The staff memo makes it clear that Wednesday’s discussion of 1416 is not the end, but “a starting point for this specific license type to help further discussion on provisioning centers.” There is also at least one “public input meeting” on Ordinance 1416 scheduled for November 28, 2017.

An earlier-introduced draft ordinance, numbered 1395, aimed to deal with other licenses including safety compliance, processing, growing, and secure transport facilities. Ordinance 1395 was introduced in November 2016 and has technically been under consideration since. It is on Wednesday’s Planning Commission agenda again under the heading of “Old Business.”

Mayor Mark Meadows says in an interview that “The provisioning center part of 1395 seemed like it needed more discussion than the rest of the ordinance so we split the topics and introduced an ordinance that only applied to everything but the provisioning centers.”

Asked about what some residents characterize as a rushed process with no notice, Meadows points out that although there are currently no medical marijuana dispensaries in East Lansing, “[East Lansing] has had an ordinance regarding dispensaries for some time, with no takers.” He adds, “It is important [to note] that the Planning Commission has had a number of meetings regarding the marijuana ordinance, beginning in January of 2017.”

The issue has, in fact, appeared on the agenda of Planning Commission meetings on January 11, September 13, September 27 and October 11, 2017, and the Commission has been officially charged with reviewing Ordinance 1395 since November of 2016.

To date, the Planning Commission has received two pieces of written correspondence on the matter in advance of Wednesday’s meeting, both of them in opposition.

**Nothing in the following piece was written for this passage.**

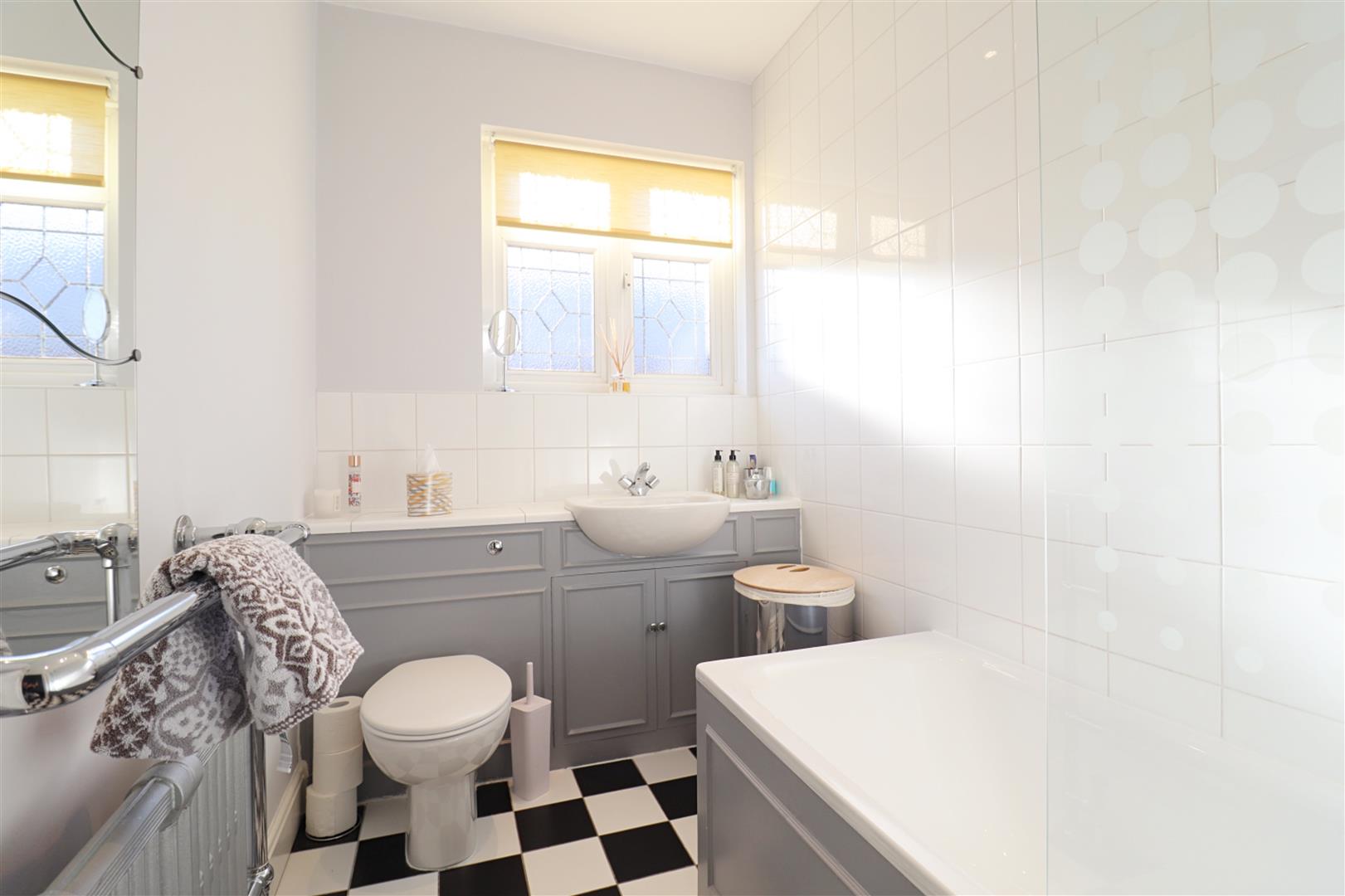 Bath with shower over, WC & hand wash basin inset to vanity unit, towel radiator, obscure double glazed window to side aspect, tiled flooring.

ELi has also received inquiries from people wanting to know what might be happening with this issue, both spurred by a letter sent by Anne Hill, Chair of the Hawk’s Nest Homeowner’s Association, to neighbors on October 21. The letter focuses on Ordinance 1395 and says that a likely location for growing and/or processing facilities would be on either side of the Hawk Nest subdivision.

Hill’s letter outlines possible pitfalls of living near a growing or processing facility, and encourages other Hawk Nest homeowners to write to the Planning Commission in opposition to passage of the ordinance and to attend Wednesday’s meeting.

Among Hill’s points is that City Planning and Zoning Administrator David Haywood told her that granting permits to marijuana growing and processing facilities is “not a money making opportunity for the City.” This contradicts an advisory memo from City Attorney Tom Yeadon in November of 2016 in which he explained that part of the new state legislation gives municipalities a proportion on the 3% state excise tax on proceeds from the marijuana business, based on the number of facilities in the municipality.

Hill (not Haywood) asserts that much of this excise tax revenue will be absorbed by the costs of increased law enforcement and monitoring of facilities.

Although Meadows is uncertain of the process or timeline for passing the ordinance, the Hawk Nest letter quotes Haywood as saying that “it is the intent of City Council to have the ordinance in place by December 15th, when Michigan will begin accepting applications for licenses in local jurisdictions that that have ordinances explicitly approving these activities in their jurisdictions.”

Ordinance 1416 permits dispensaries and primary caregiver facilities in zones B4 and B5 if the business obtains a special use permit. These maps outline the primary locations of B4 and B5 zones in the City. This map shows the City of East Lansing’s Drug-Free Zones.

Tomorrow’s Planning Commission meeting will take place at 7 p.m. in the 54B District Court, Courtroom 2, 101 Linden Street. Televised recordings of Planning Commission regular meetings are shown live and replayed for Comcast customers on WELG (Ch. 22). In addition, a streamed feed of WELG (Ch. 22) is available online and the City’s website also streams the meeting.

 

Note: This article was edited after publication to correct an erroneous characterization of Ordinance 1416 as applying to businesses other than medical marijuana provisioning centers.